Starting with the line that holds "北京时间8月8日14:26,美元指数报106.35/36。", repeat each line through the last one below, exactly. Pictures stay out.
--------
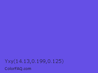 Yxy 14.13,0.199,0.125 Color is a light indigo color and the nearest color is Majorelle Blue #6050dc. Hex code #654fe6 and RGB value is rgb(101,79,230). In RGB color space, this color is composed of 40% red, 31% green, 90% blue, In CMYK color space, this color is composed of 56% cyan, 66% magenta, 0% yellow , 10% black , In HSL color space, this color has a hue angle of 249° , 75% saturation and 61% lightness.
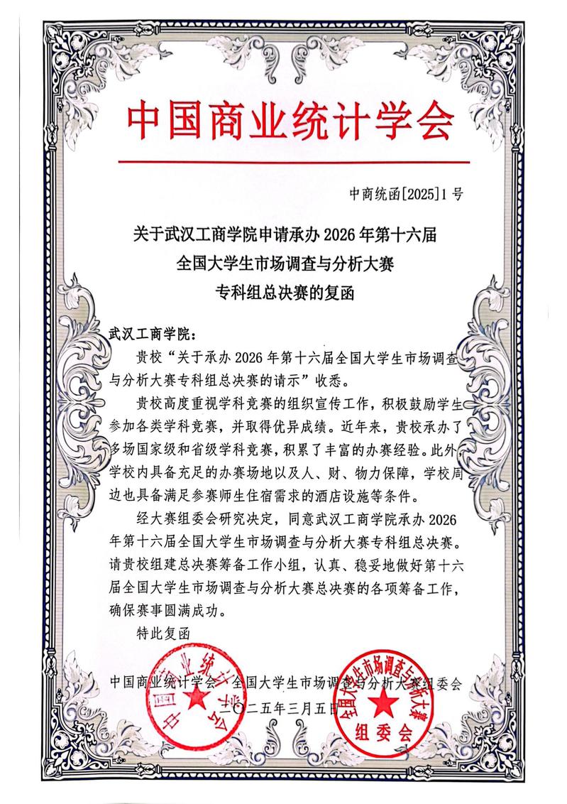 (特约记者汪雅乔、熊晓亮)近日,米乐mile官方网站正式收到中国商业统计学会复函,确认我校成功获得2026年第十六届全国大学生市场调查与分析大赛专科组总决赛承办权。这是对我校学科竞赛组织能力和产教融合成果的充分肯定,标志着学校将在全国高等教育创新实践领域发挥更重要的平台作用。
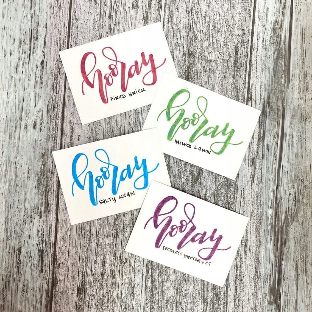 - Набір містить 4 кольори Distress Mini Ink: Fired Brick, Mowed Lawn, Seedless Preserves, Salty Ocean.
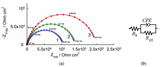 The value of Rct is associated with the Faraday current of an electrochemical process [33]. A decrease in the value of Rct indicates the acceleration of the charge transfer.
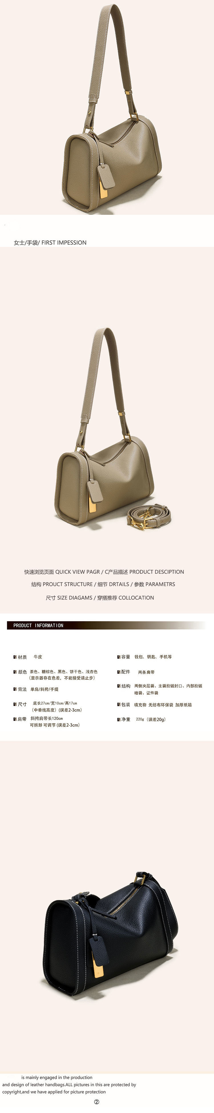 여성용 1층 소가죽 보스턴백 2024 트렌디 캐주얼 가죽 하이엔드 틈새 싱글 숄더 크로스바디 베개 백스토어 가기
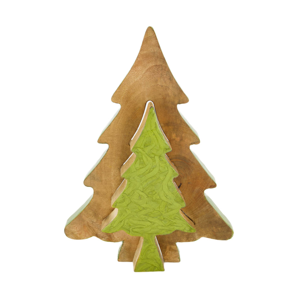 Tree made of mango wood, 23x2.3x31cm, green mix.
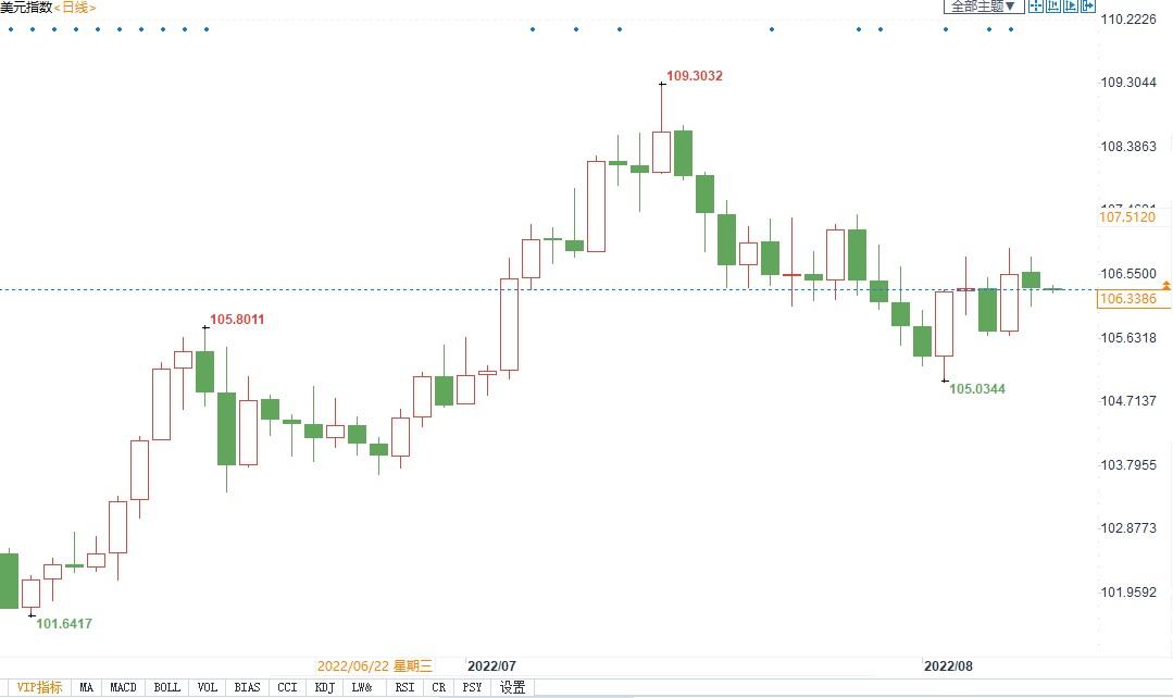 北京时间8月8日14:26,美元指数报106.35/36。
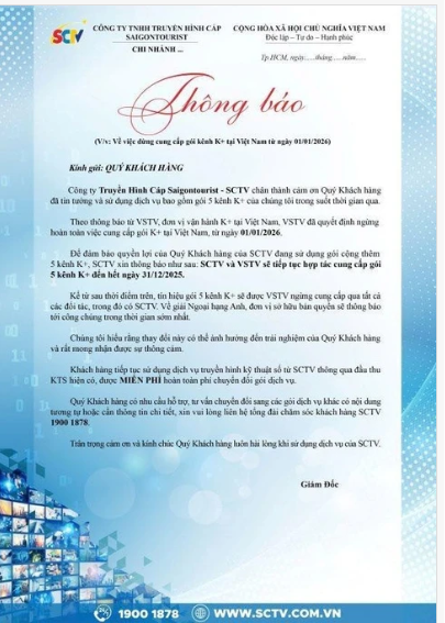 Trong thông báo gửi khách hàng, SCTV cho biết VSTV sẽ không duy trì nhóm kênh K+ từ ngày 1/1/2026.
--------
| ANSWER FOR THIS EXERCISE |
 北京时间8月8日14:26,美元指数报106.35/36。
 Trong thông báo gửi khách hàng, SCTV cho biết VSTV sẽ không duy trì nhóm kênh K+ từ ngày 1/1/2026.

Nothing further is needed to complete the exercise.